• **Exercise prompt**
Only the lines from the one with "Transformeer elke kamer" through the final line below belong in the answer, copied exactly and without pictures.

*** Opening of Data block ***

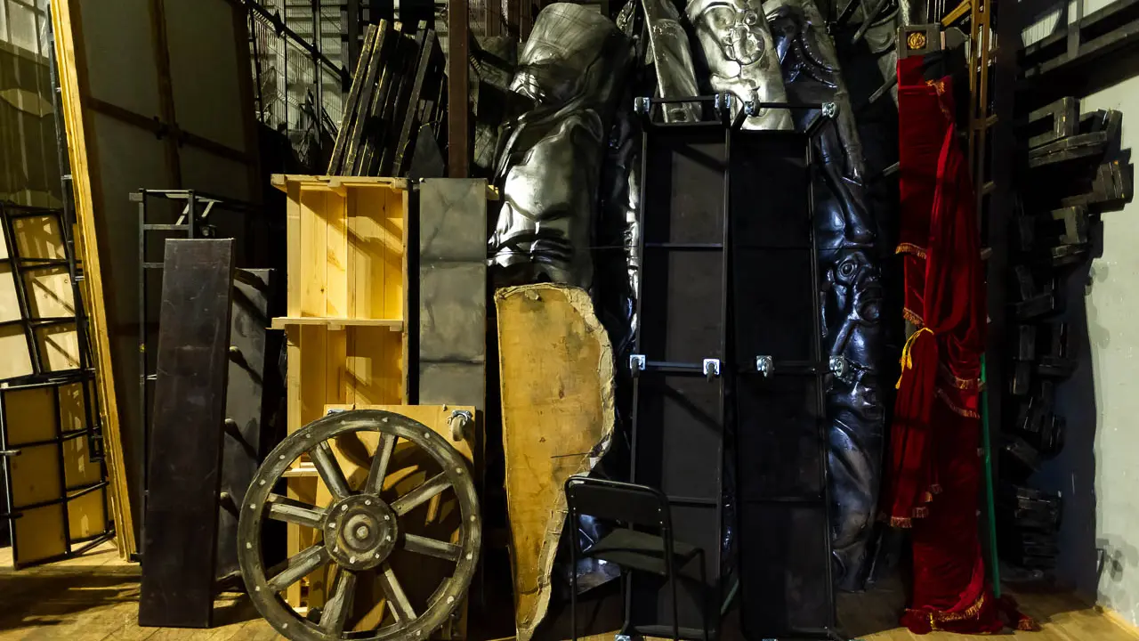 Ну и, наконец, закулисье с огромными декорациями и целыми воротами для завоза реквизита и крупных вещей в театр. Кажется, вот-вот откуда-нибудь выползет Змей Горыныч или выплывет все Лебединое озеро... Даже если вы давно не ребенок, покажется, что попали в сказку.
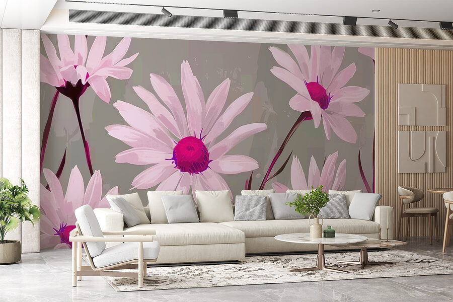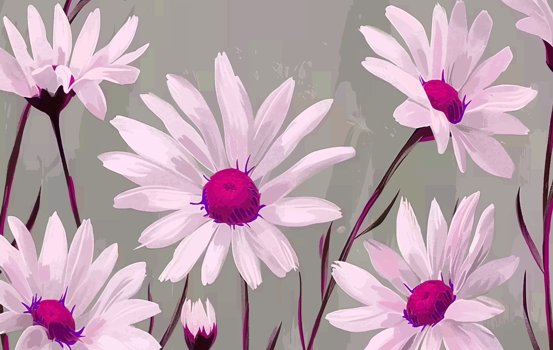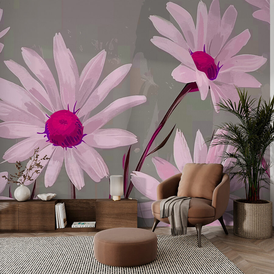 Transformeer elke kamer met deze dromerige muurschildering met een verrukkelijke groep witte bloemen, elk met een grillig paars hart. Het is als een frisse wind die de natuur in huis haalt. Stel je voor dat je een ruimte binnenloopt waar levendige bloemen op de muren dansen en de stemming er meteen beter op wordt. Perfect voor een knus hoekje, een vrolijke woonkamer of zelfs die ene muur die gewoon wat pit kan gebruiken. Het is moeilijk om niet te glimlachen om deze charmante bloemblaadjes. Geef je muren de liefde die ze verdienen – wie wist dat bloemdecoratie zo leuk kon zijn?
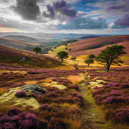 Landscape with blooming heather in the Peak District National Park

*** Close of Data block ***

• **Solution to this exercise**
 Transformeer elke kamer met deze dromerige muurschildering met een verrukkelijke groep witte bloemen, elk met een grillig paars hart. Het is als een frisse wind die de natuur in huis haalt. Stel je voor dat je een ruimte binnenloopt waar levendige bloemen op de muren dansen en de stemming er meteen beter op wordt. Perfect voor een knus hoekje, een vrolijke woonkamer of zelfs die ene muur die gewoon wat pit kan gebruiken. Het is moeilijk om niet te glimlachen om deze charmante bloemblaadjes. Geef je muren de liefde die ze verdienen – wie wist dat bloemdecoratie zo leuk kon zijn?
 Landscape with blooming heather in the Peak District National Park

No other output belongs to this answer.